The rise is largely due to the high inflation of the last couple of years, CBS economist Peter Hei van Mulligen told broadcaster NOS.

“Purchasing power was plummeting and unions were upping their demands for higher wages. And because of a tight labour market employers were more inclined to give in to those demands,” he said.

People working at housing corporations benefitted most, with a 12.4% pay rise while in the hospitality sector, pay rose by 10.5%.

Service industry wages showed a bigger rise than other sectors, the CBS found. Transport and logistics workers brought up the rear with an average rise of 5%.

In the last two years, wages have caught up with spiralling prices, Van Mulligen said.

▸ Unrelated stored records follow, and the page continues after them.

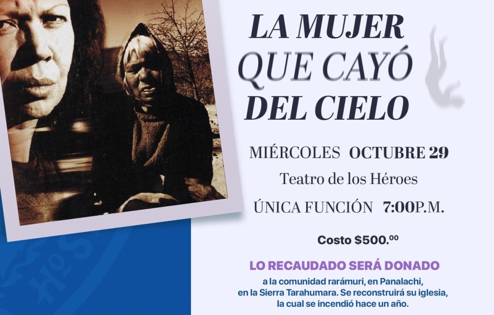 El Teatro de los Héroes se convierte esta semana en el escenario de una noble causa. La reconocida actriz internacional Luisa Huertas estelarizará la obra “La mujer que cayó del cielo” este miércoles 29 de octubre a las 19:00 horas, con el objetivo de recaudar fondos para la reconstrucción de la iglesia del Sagrado Corazón de Jesús, en Panalachi, Bocoyna.
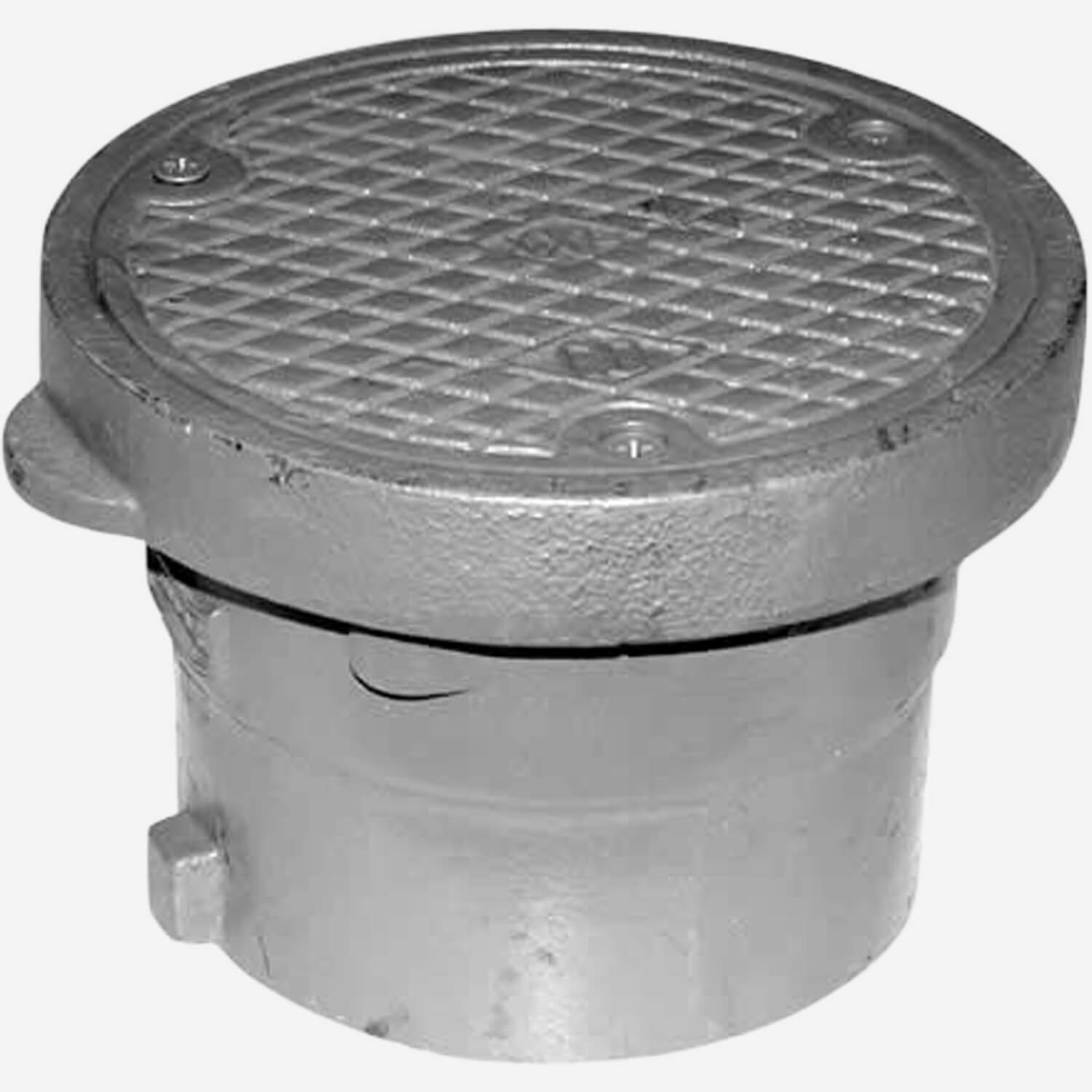 Our heavy duty 6-1/4" and 8-1/4" floor cleanout top assemblies are constructed of cast iron and designed to fit over 2"-4", 6" cast iron service weight or or extra heavy pipe with hub or 2"-4" and 6" PVC pipe with a mechanical coupling. They are delivered with round scoriated cast iron tops.
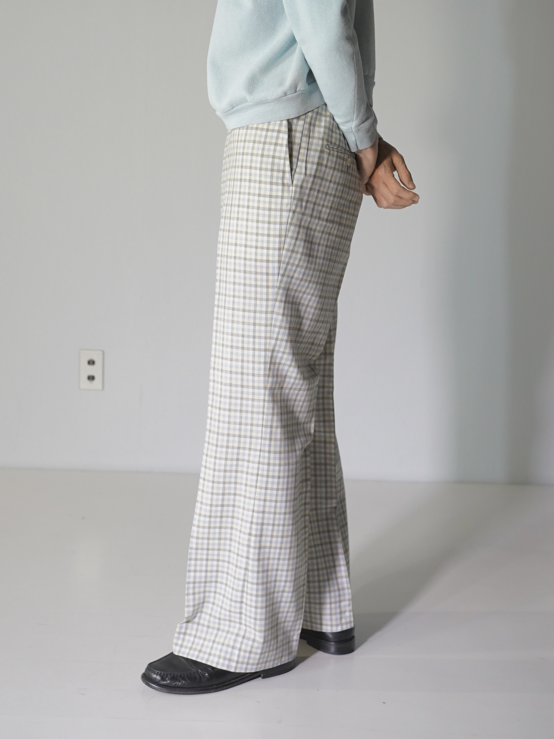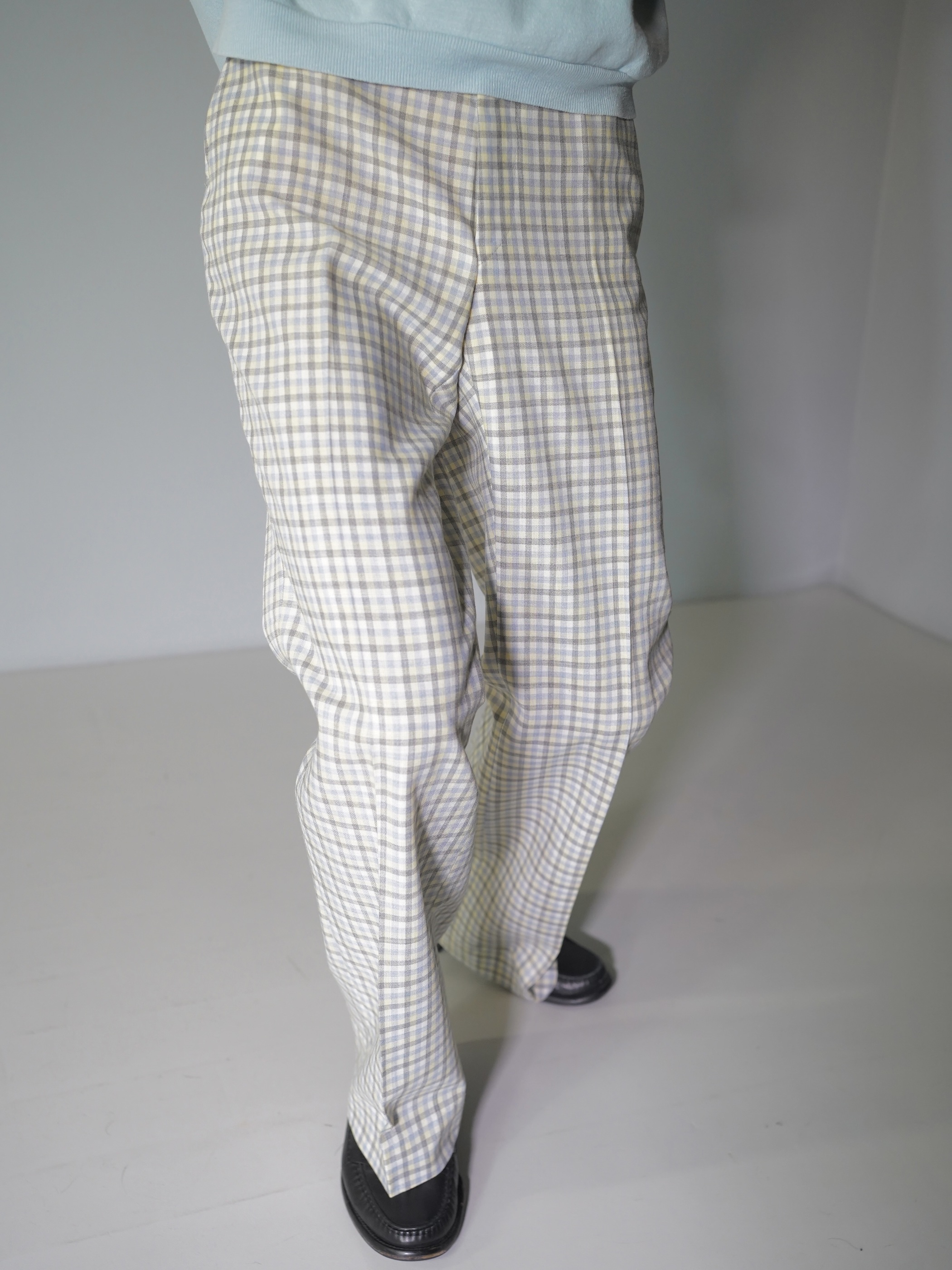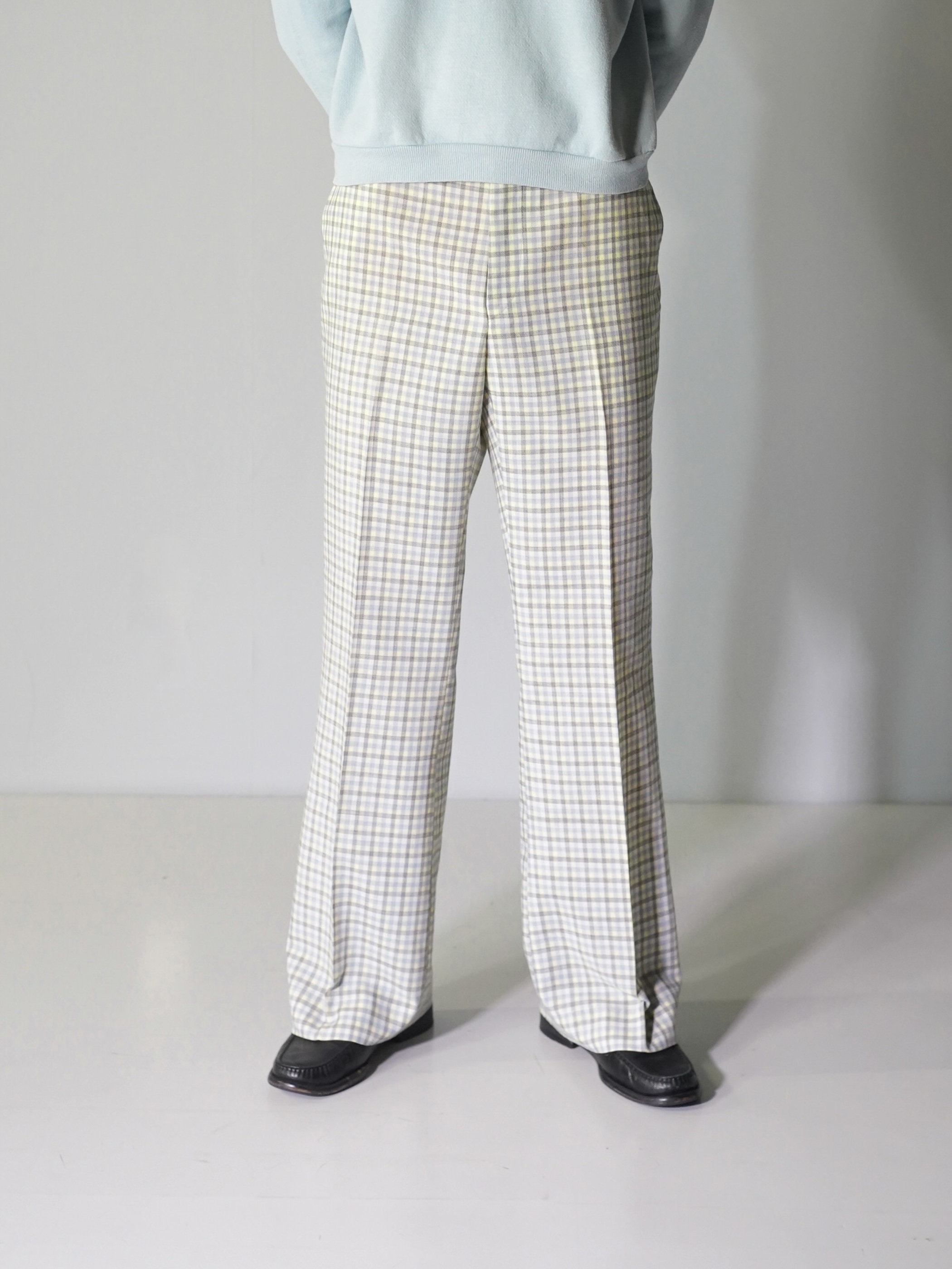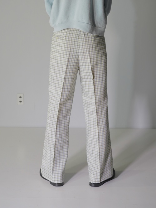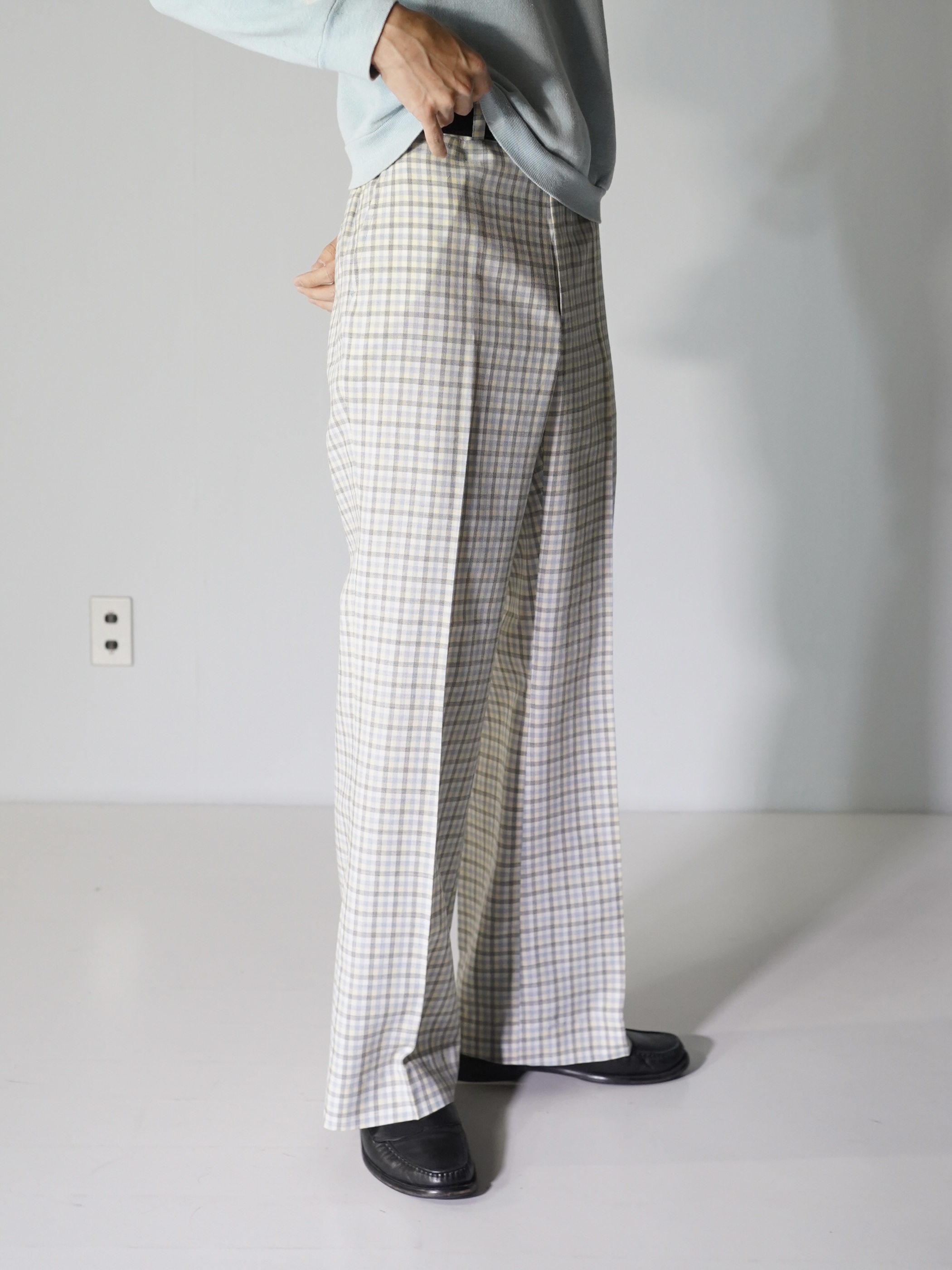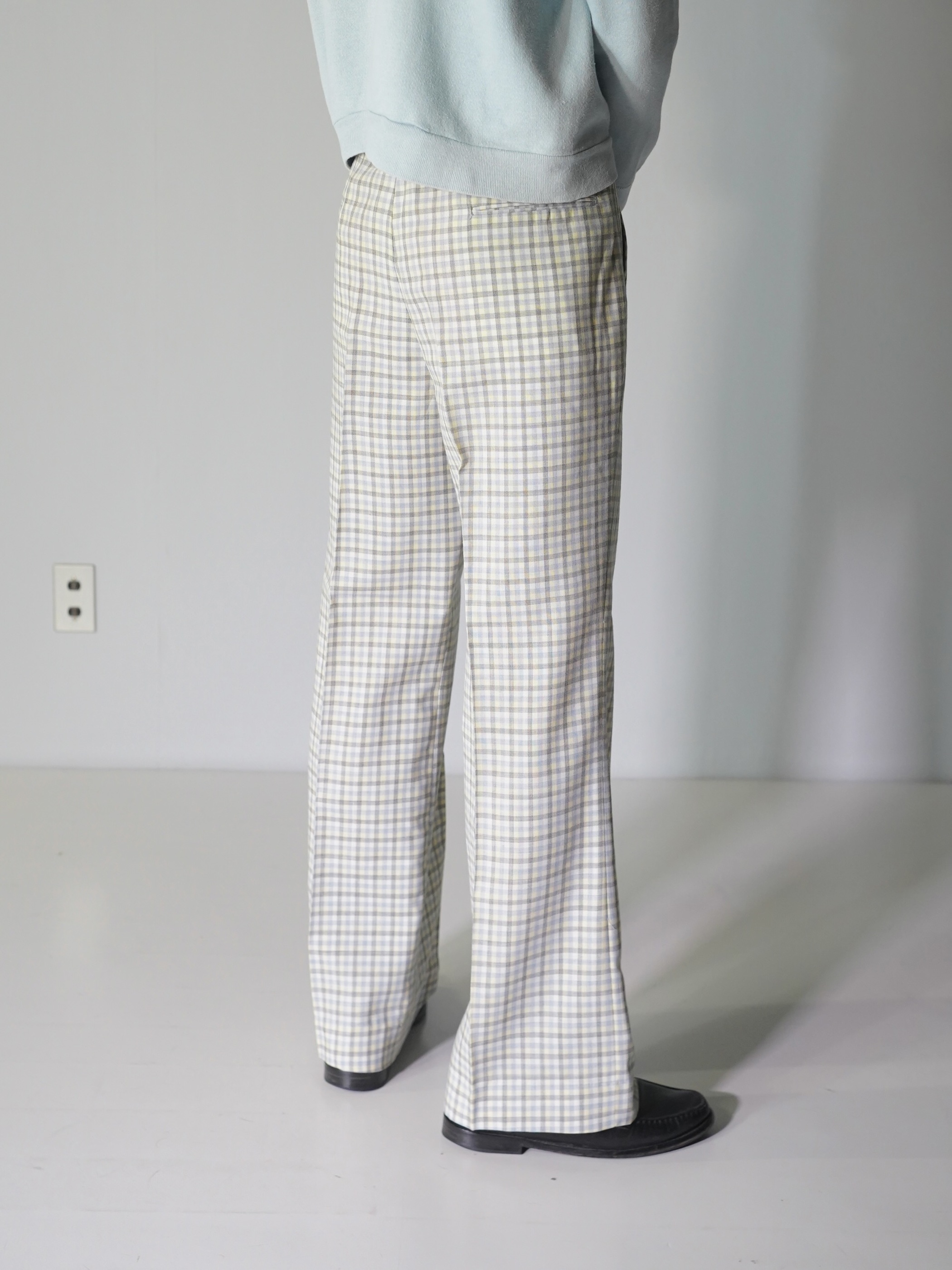 スタイリッシュなブーツカットに乗る柔らかなトーンのギンガムチェック
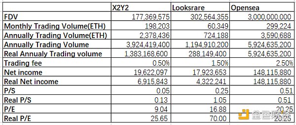 基于2023年2月6日的价格数据,我们得到了Opensea、X2Y2、Looksrare的P/S值分别为0.51、0.05、0.25。平均值为0.27;PE分别为20.25、19.04、16.88。平均值为15.39。
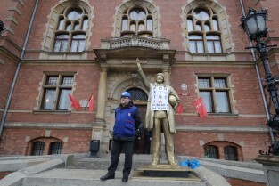 Gdańsk. VI Sesja Rady Miasta Gdańska. Protest przed budynkiem Rady Miasta Gdańska. Związkowcy ze Stoczni Gdańskiej ustawili figurę Donalda Tuska

Despite the strong labour market, low unemployment and higher wages, consumer confidence has yet to adjust, he said. “A higher wage is nice but soon forgotten and people are confronted by high prices in the shops every day. It takes a while, apparently, for people to realise the difference in pay.”

Van Mulligen said it is difficult to predict if wages will continue to rise next year. “The labour market is still very tight and unions are confident that wages can rise still further. Much will depend on the negotiations,” he said.

Employers’ organisation AWVN said that it had detected a downward trend based on pay agreements made years ahead.

Trade union federation FNV said in September it has made 7% its target increase in the coming round of negotiations.